1) Choose one of the objects you selected and describe how your initial understanding of its affordances changed over the course of the exercise?

Chopsticks! Initially, my mind was still relying on its instinctive perspective of chopsticks: your hands hold the chopsticks here (near the top) and the chopstick holds your food object here (at the bottom). I had been accustomed to dividing a chopstick into these two parts, the top and the bottom.

Exploring the chopsticks’ other capabilities, I made sure to also avoid seeing the chopsticks as another object, namely, a stick. It was easy to do so, since the chopstick is rigid and able to hold weight.

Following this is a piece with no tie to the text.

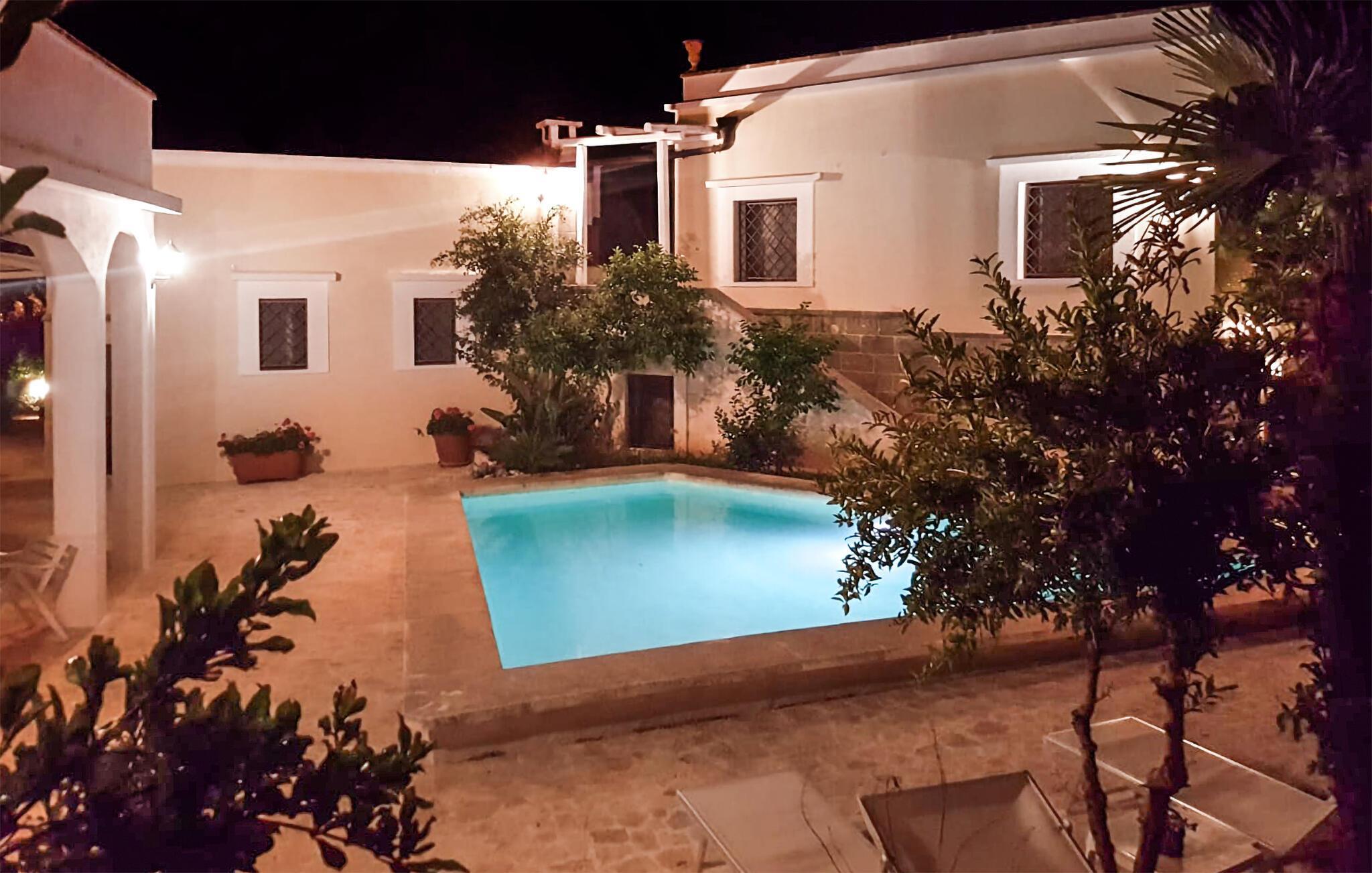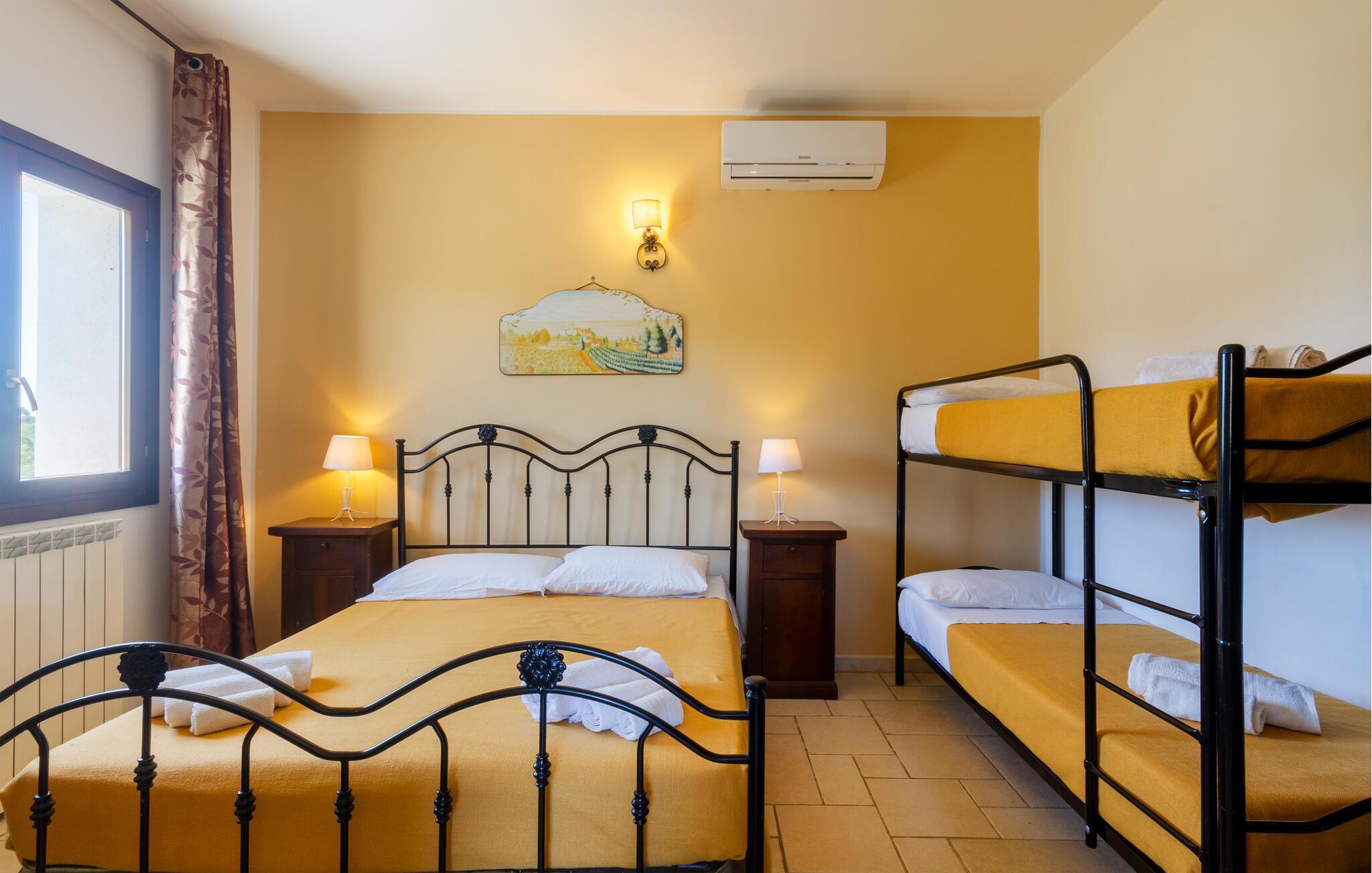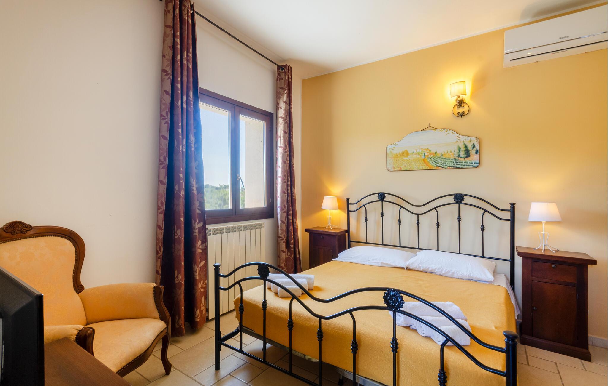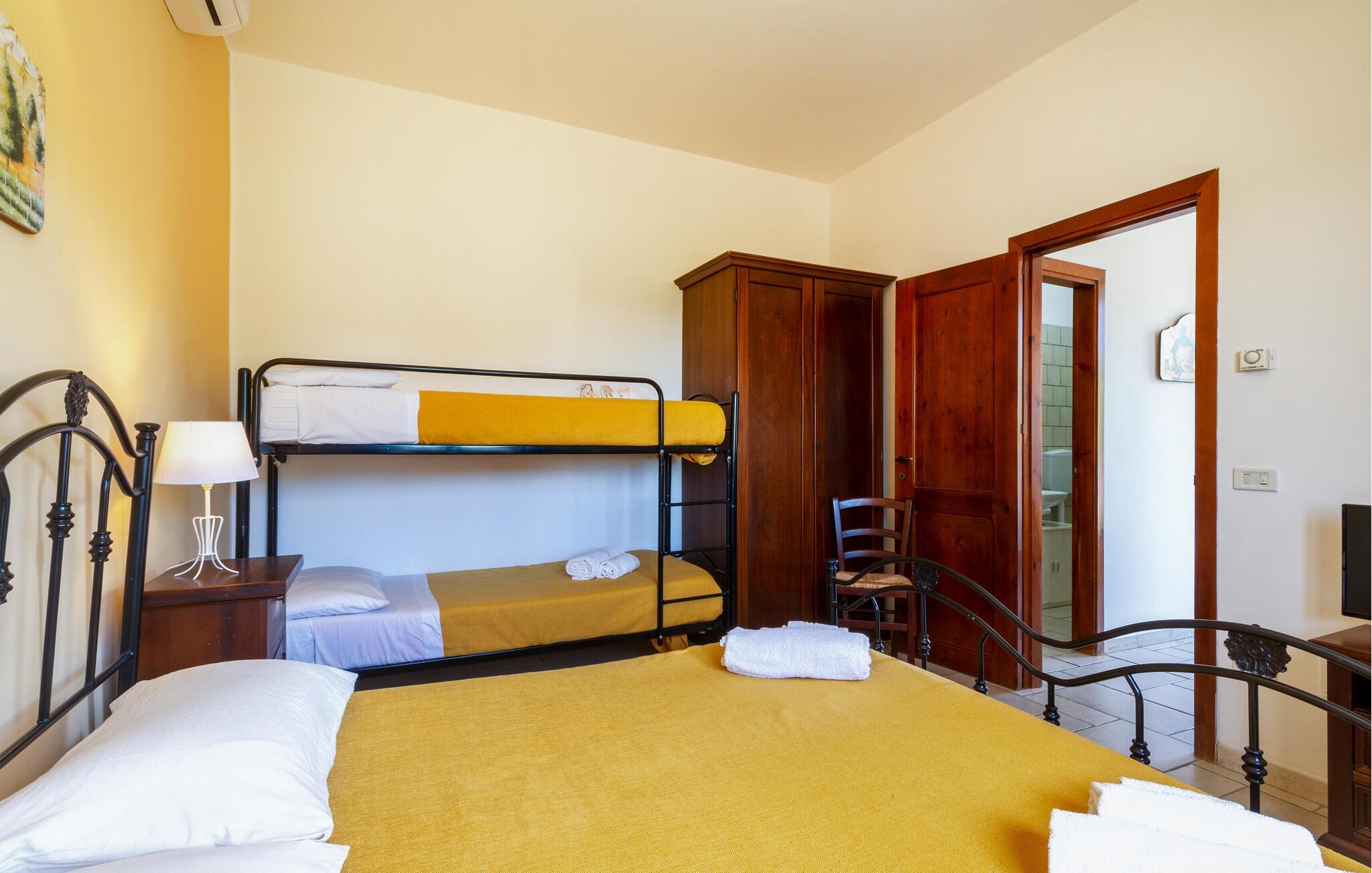 Das Highlight dieses Ferienhauses ist der weitläufige Außenbereich. Springen Sie in den großzügigen Pool, den Sie sich mit anderen Urlaubsgästen teilen, und genießen Sie eine Abkühlung unter der italienischen Sonne. Entspannen Sie auf der schattigen Veranda oder nehmen Sie hier Ihre Mahlzeiten ein. Der liebevoll angelegte Garten mit mediterranen Pflanzen und gemütlichen Sitzgelegenheiten bietet zahlreiche Rückzugsorte zum Erholen. Nutzen Sie die überdachte Außenküche für gesellige Abende im Freien.

Through this exercise, I found that an object’s affordances can go beyond how we use the object — it is our mind and its mental blocks that prevent us from seeing these additional ways of usage.

 

2) Given that affordances is a relational property between a person and an object, how did the manipulation of the object and the person’s abilities inform your understanding of the concept? Did it give you inspiration or insight for how to work with affordances as a designer? Discuss this through the specific objects you explored in the exercise.

It was instructive to see how differently Elektra, my partner, and myself handled our objects. Clearly, we had different ways of relating to the same objects, and I really learned to think outside of my own mental box by watching how she conceptualized the extra uses of our objects.

The insight I directly derived from the chopsticks was about aesthetics: simple tools are straight-forward in form and function, and encourage users not to fiddle or investigate any further.

As a designer, this exercise highlighted how different users would be able to perceive affordances with different levels of ease.